▶ [TASK GOAL]
Copy exactly the lines of the material below that run from the one containing "Race Car Birthday" through the one containing "Dispozice bytu nabízí". Copy no other lines.

▶ [AVAILABLE DATA]

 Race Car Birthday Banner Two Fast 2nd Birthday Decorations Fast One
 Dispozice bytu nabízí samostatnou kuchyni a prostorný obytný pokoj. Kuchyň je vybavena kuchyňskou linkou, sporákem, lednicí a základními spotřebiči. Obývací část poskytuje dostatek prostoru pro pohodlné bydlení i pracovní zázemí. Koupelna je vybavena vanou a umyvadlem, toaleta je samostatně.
* * *
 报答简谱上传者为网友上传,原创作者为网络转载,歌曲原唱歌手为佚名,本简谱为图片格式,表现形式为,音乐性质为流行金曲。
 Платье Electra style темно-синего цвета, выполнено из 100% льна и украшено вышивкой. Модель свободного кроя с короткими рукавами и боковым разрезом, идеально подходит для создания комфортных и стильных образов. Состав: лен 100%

▶ [RESPONSE BOX]
 Race Car Birthday Banner Two Fast 2nd Birthday Decorations Fast One
 Dispozice bytu nabízí samostatnou kuchyni a prostorný obytný pokoj. Kuchyň je vybavena kuchyňskou linkou, sporákem, lednicí a základními spotřebiči. Obývací část poskytuje dostatek prostoru pro pohodlné bydlení i pracovní zázemí. Koupelna je vybavena vanou a umyvadlem, toaleta je samostatně.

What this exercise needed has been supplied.